◆ Your instructions ◆
What is wanted is the full listing, word for word, without its pictures.

◆ Data supplied ◆
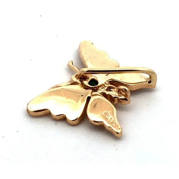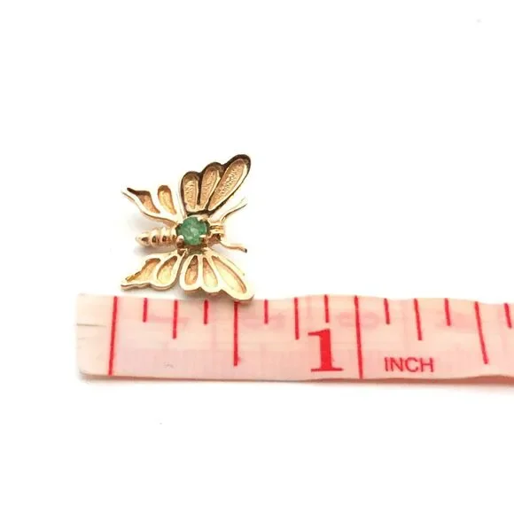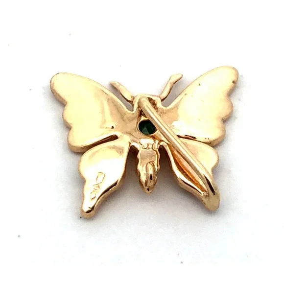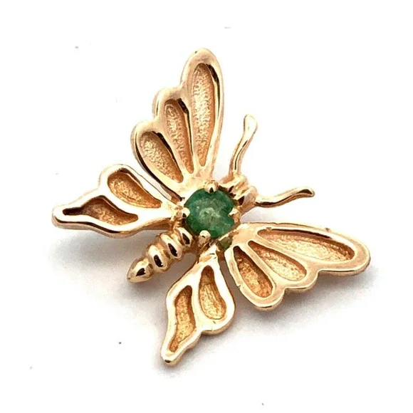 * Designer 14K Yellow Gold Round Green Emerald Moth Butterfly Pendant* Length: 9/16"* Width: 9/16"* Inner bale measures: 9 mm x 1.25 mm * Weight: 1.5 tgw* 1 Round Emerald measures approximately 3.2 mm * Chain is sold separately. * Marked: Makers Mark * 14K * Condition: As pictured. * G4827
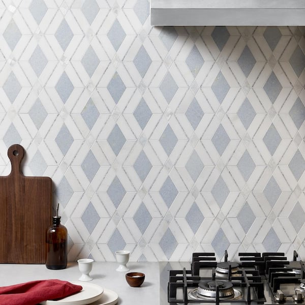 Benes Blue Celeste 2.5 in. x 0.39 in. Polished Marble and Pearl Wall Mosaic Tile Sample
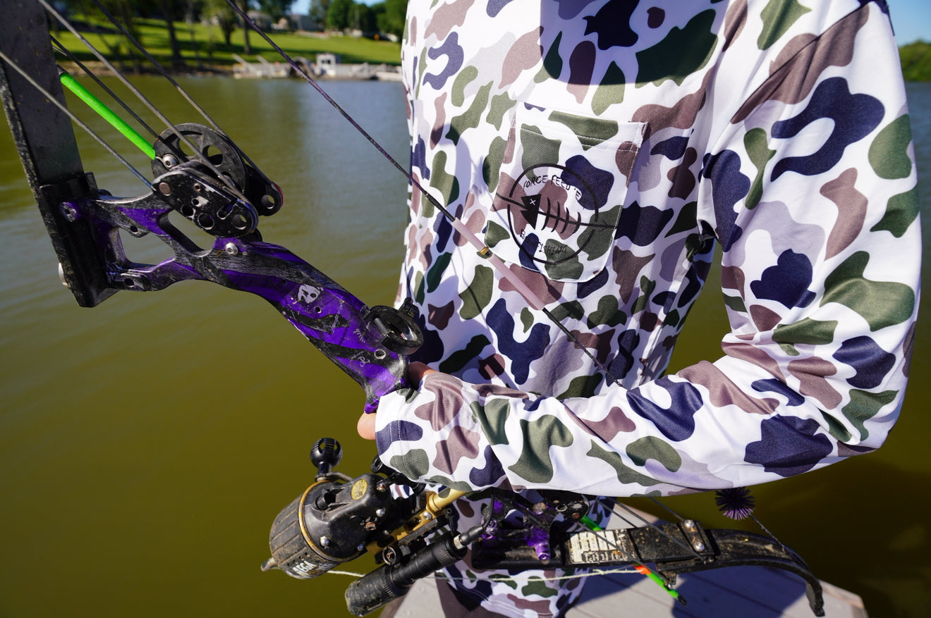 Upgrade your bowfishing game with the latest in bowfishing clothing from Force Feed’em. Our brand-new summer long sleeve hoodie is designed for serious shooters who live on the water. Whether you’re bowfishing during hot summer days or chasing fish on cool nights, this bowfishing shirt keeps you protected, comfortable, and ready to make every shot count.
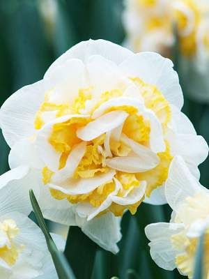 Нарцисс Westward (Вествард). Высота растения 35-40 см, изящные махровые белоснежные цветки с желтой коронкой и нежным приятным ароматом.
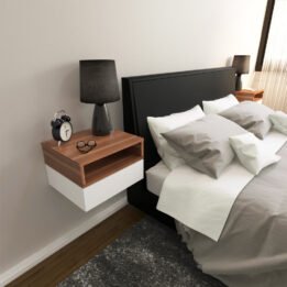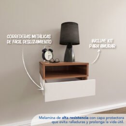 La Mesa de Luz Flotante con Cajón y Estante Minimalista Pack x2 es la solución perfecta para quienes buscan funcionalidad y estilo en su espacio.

◆ Task output ◆
 * Designer 14K Yellow Gold Round Green Emerald Moth Butterfly Pendant* Length: 9/16"* Width: 9/16"* Inner bale measures: 9 mm x 1.25 mm * Weight: 1.5 tgw* 1 Round Emerald measures approximately 3.2 mm * Chain is sold separately. * Marked: Makers Mark * 14K * Condition: As pictured. * G4827
 Benes Blue Celeste 2.5 in. x 0.39 in. Polished Marble and Pearl Wall Mosaic Tile Sample
 Upgrade your bowfishing game with the latest in bowfishing clothing from Force Feed’em. Our brand-new summer long sleeve hoodie is designed for serious shooters who live on the water. Whether you’re bowfishing during hot summer days or chasing fish on cool nights, this bowfishing shirt keeps you protected, comfortable, and ready to make every shot count.
 Нарцисс Westward (Вествард). Высота растения 35-40 см, изящные махровые белоснежные цветки с желтой коронкой и нежным приятным ароматом.
 La Mesa de Luz Flotante con Cajón y Estante Minimalista Pack x2 es la solución perfecta para quienes buscan funcionalidad y estilo en su espacio.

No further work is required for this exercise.